*** Opening of Provided data ***

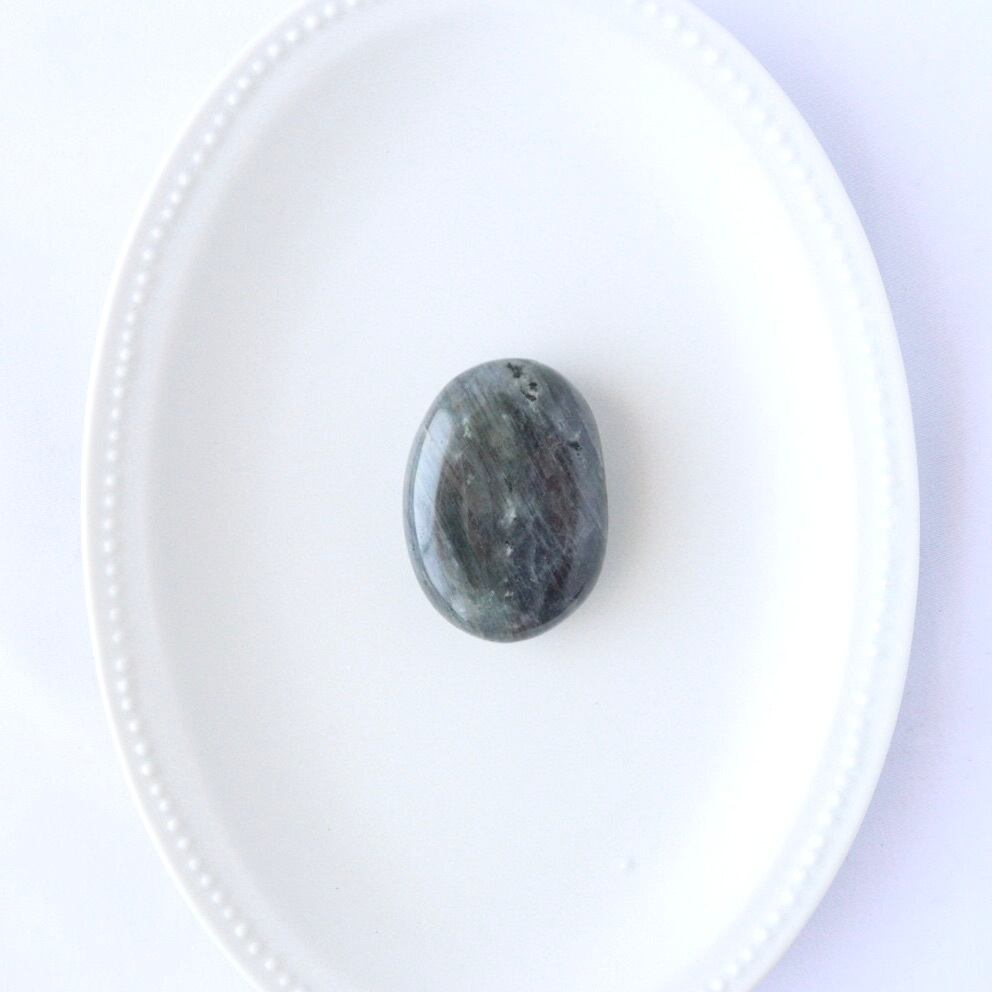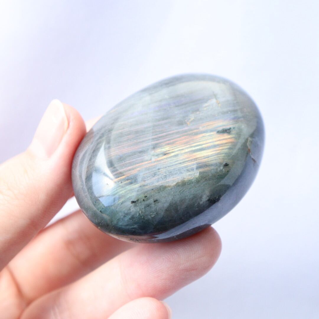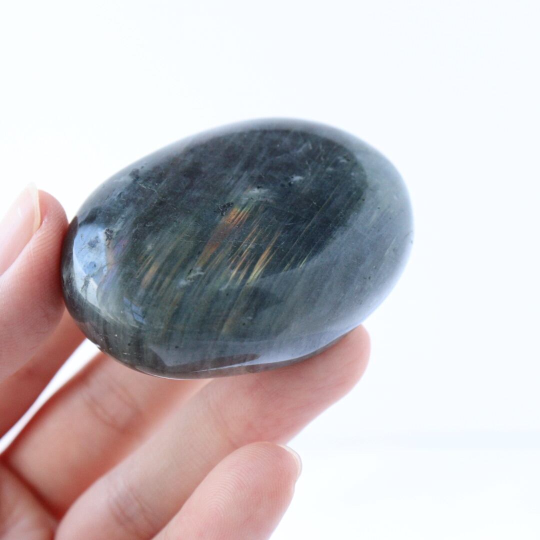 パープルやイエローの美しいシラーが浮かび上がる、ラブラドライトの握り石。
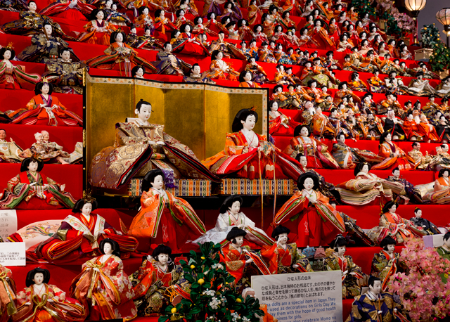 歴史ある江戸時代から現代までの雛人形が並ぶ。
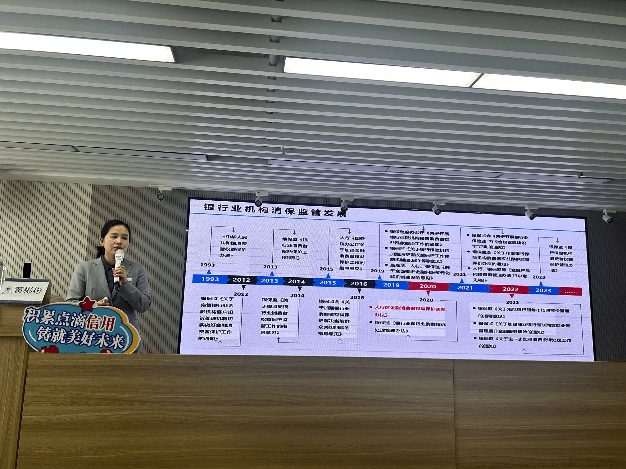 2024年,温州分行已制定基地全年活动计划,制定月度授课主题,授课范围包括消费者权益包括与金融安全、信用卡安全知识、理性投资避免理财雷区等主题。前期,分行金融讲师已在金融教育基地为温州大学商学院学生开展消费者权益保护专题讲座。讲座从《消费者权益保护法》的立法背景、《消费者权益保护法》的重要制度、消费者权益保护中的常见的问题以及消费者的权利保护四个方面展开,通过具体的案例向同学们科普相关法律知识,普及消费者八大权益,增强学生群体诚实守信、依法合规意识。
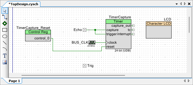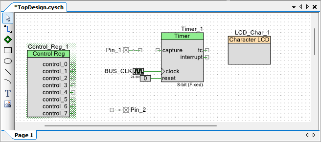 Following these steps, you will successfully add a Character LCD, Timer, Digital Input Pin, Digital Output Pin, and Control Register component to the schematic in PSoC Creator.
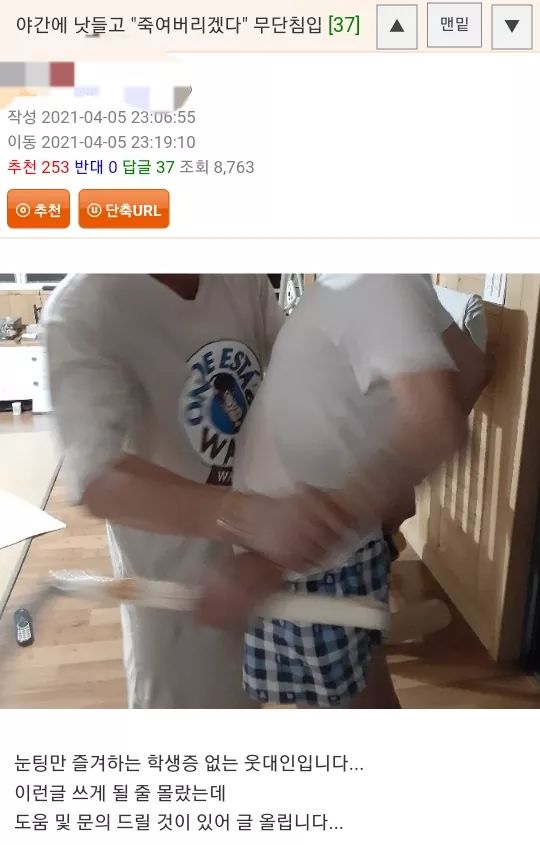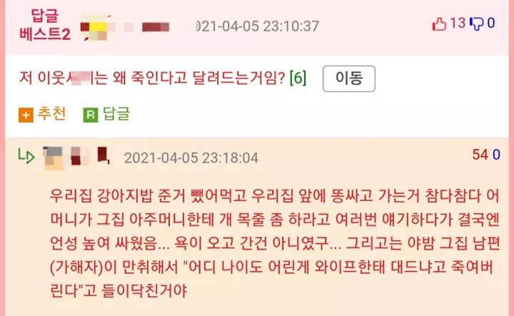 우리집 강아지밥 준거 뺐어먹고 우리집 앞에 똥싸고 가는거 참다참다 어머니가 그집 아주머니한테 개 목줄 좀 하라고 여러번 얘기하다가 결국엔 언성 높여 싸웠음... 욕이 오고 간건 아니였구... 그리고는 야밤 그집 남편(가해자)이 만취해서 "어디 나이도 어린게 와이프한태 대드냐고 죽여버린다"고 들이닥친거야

*** Close of Provided data ***

Problem description
Every record above should be duplicated precisely, with the images removed.

Output for this exercise
 パープルやイエローの美しいシラーが浮かび上がる、ラブラドライトの握り石。
 歴史ある江戸時代から現代までの雛人形が並ぶ。
 2024年,温州分行已制定基地全年活动计划,制定月度授课主题,授课范围包括消费者权益包括与金融安全、信用卡安全知识、理性投资避免理财雷区等主题。前期,分行金融讲师已在金融教育基地为温州大学商学院学生开展消费者权益保护专题讲座。讲座从《消费者权益保护法》的立法背景、《消费者权益保护法》的重要制度、消费者权益保护中的常见的问题以及消费者的权利保护四个方面展开,通过具体的案例向同学们科普相关法律知识,普及消费者八大权益,增强学生群体诚实守信、依法合规意识。
 Following these steps, you will successfully add a Character LCD, Timer, Digital Input Pin, Digital Output Pin, and Control Register component to the schematic in PSoC Creator.
 우리집 강아지밥 준거 뺐어먹고 우리집 앞에 똥싸고 가는거 참다참다 어머니가 그집 아주머니한테 개 목줄 좀 하라고 여러번 얘기하다가 결국엔 언성 높여 싸웠음... 욕이 오고 간건 아니였구... 그리고는 야밤 그집 남편(가해자)이 만취해서 "어디 나이도 어린게 와이프한태 대드냐고 죽여버린다"고 들이닥친거야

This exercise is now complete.